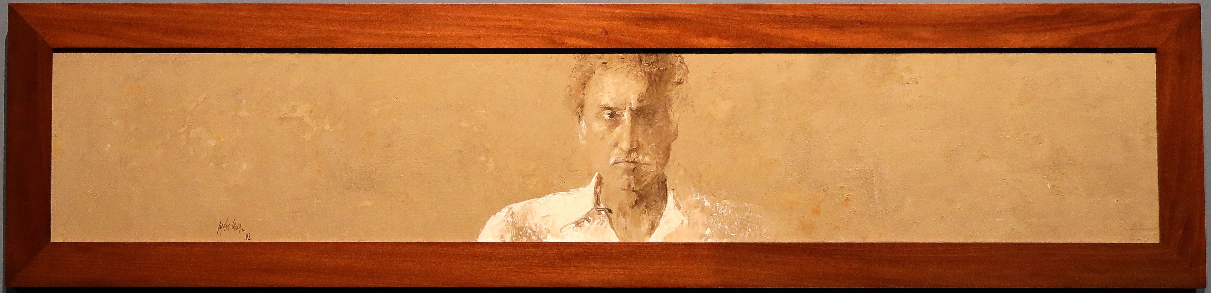 这幅创作于1971年的自画像采用了阿尼戈尼最钟爱的传统油性蛋彩画技术,洗练、坦率地描绘了自己的肖像。肖像以四分之三侧面角度呈现,阿尼戈尼把传统的弗拉画派技法和卡拉瓦乔追求的光线效果相互结合,并加以19世纪托斯卡纳肖像画善于捕捉人物内心活动的特点。
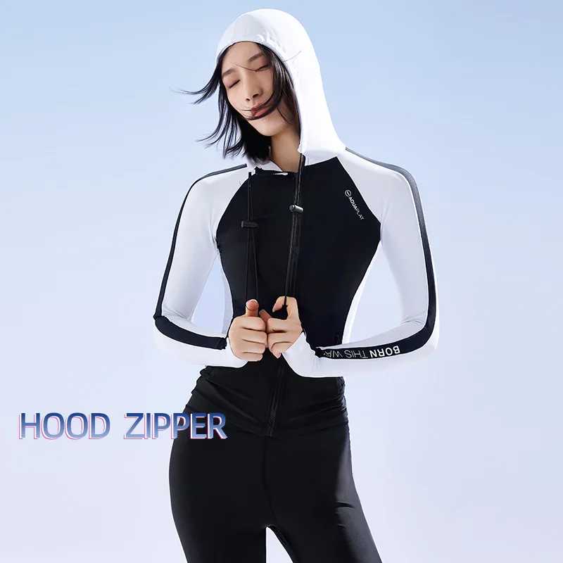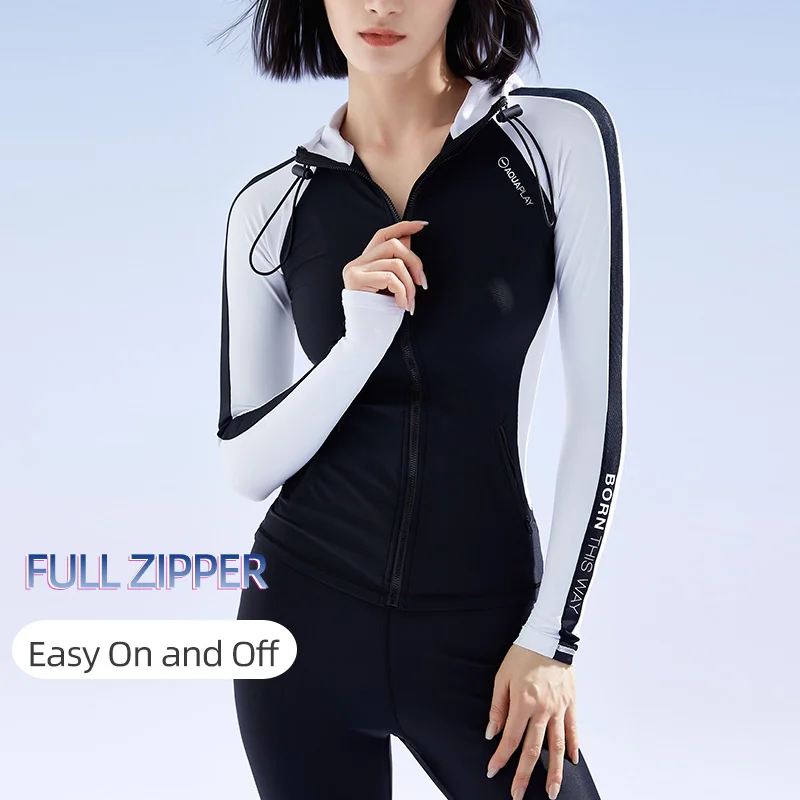 AquaPlay Women Sports Swimwear Fitness Black and White Sleeves Swimsuit Beach Rash Guard Long Sleeve Surfing Clothes Diving
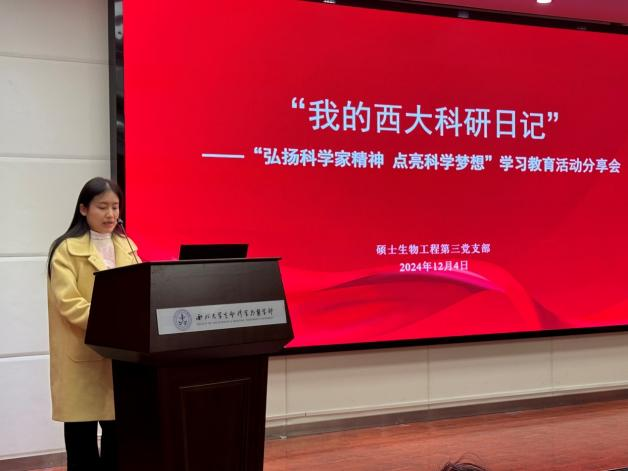 为深入学习贯彻党的二十届三中全会精神,激发科技创新的青春活力,由yl9193永利集团主办,“红色基因”辅导员工作室承办,硕士生物技术与工程第三党支部及党建工作站协办开展了“弘扬科学家精神 点亮科学梦想——我的西大科研日记”学习教育活动。
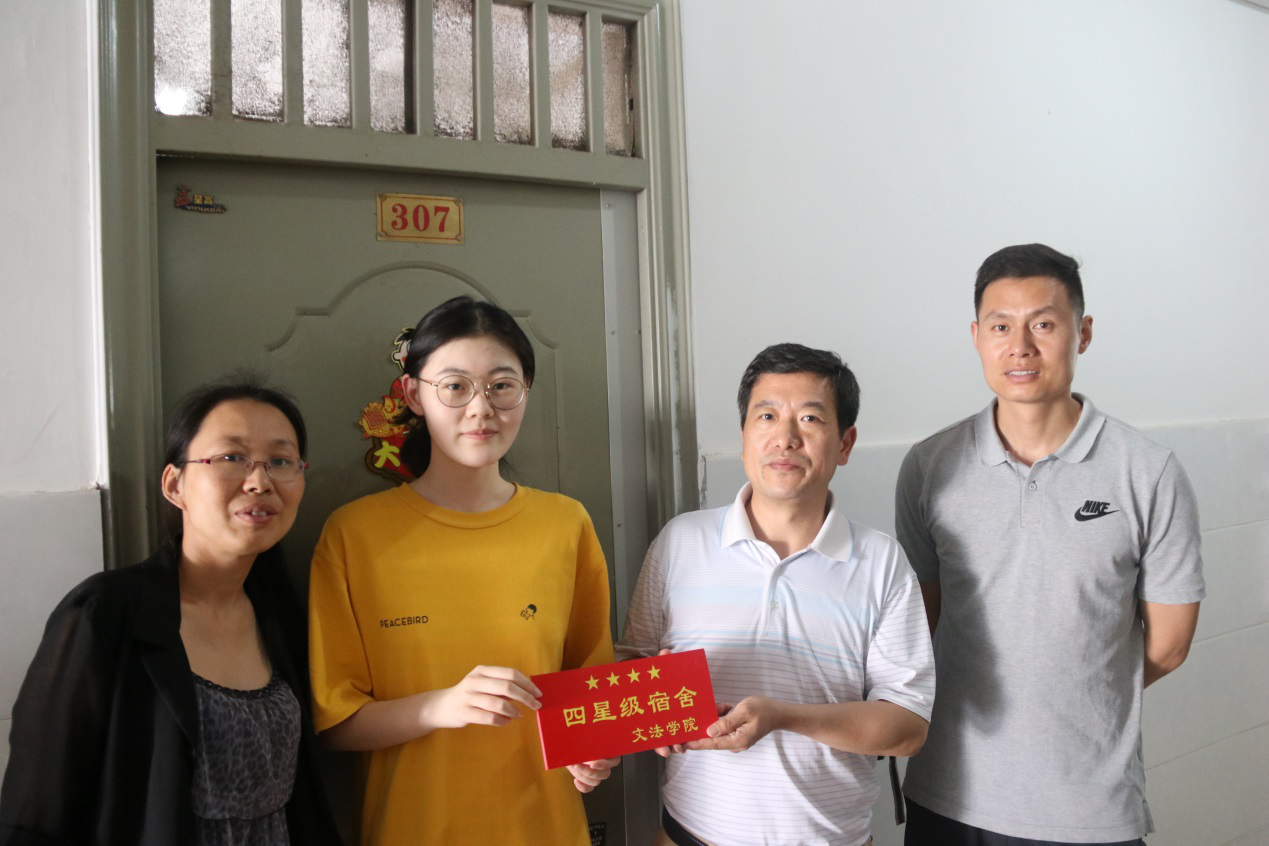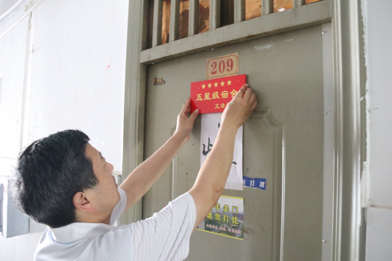 6月6日上午,EMC易倍体育党委副书记李达,学生办主任、2017级法学系辅导员张云辉、2017级中文系辅导员张旭来到学生宿舍,为优秀宿舍挂牌。同时,书记李达也对星级宿舍的学子们提出更高的要求,希望他们再接再厉不松懈,积极进取做榜样,保持住这份来之不易的荣誉,做好优秀寝室的领头羊,带领其他宿舍共同进步,让优秀成为一种习惯,让安全和整洁成为一种常态。
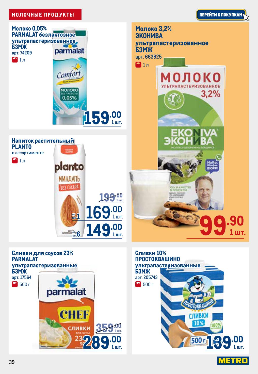 Сыр плавленый HOCHLAND (200 г, 159 ₽), Viola порционный (140 г, 119 ₽), сулугуни (200 г, 199 ₽), продукт рассольный «Сиртаки» (200 г, 109 ₽), моцарелла Galbani (125 г, 145 ₽). Молоко «Эконива» 3,2% (1 л, 99,90 ₽). Всё это пригодится для завтраков и салатов.
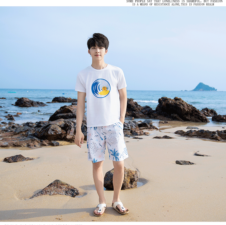 커플의 해변 바지 해변 휴가 캐주얼 스포츠 느슨한 탄성 빠른 건조 반바지 남성용 수용성 태국 대형 바지스토어 가기
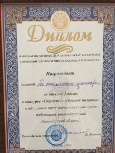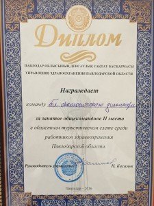 01.10.16г. команда КГП на ПХВ «ПООД» приняла участие в областном туристическом слете среди работников здравоохранения и заняла 1 место в оформлении туристической палатки и второе общекомандное место из 25 команд. По итогам слета команде ПООД были вручены кубок и две почетные грамоты.

### Requirement
Please give back exactly, and with no pictures, the lines from where the listing above begins through the line containing "为深入学习贯彻党的二十届三中".

### Written answer
 这幅创作于1971年的自画像采用了阿尼戈尼最钟爱的传统油性蛋彩画技术,洗练、坦率地描绘了自己的肖像。肖像以四分之三侧面角度呈现,阿尼戈尼把传统的弗拉画派技法和卡拉瓦乔追求的光线效果相互结合,并加以19世纪托斯卡纳肖像画善于捕捉人物内心活动的特点。
 AquaPlay Women Sports Swimwear Fitness Black and White Sleeves Swimsuit Beach Rash Guard Long Sleeve Surfing Clothes Diving
 为深入学习贯彻党的二十届三中全会精神,激发科技创新的青春活力,由yl9193永利集团主办,“红色基因”辅导员工作室承办,硕士生物技术与工程第三党支部及党建工作站协办开展了“弘扬科学家精神 点亮科学梦想——我的西大科研日记”学习教育活动。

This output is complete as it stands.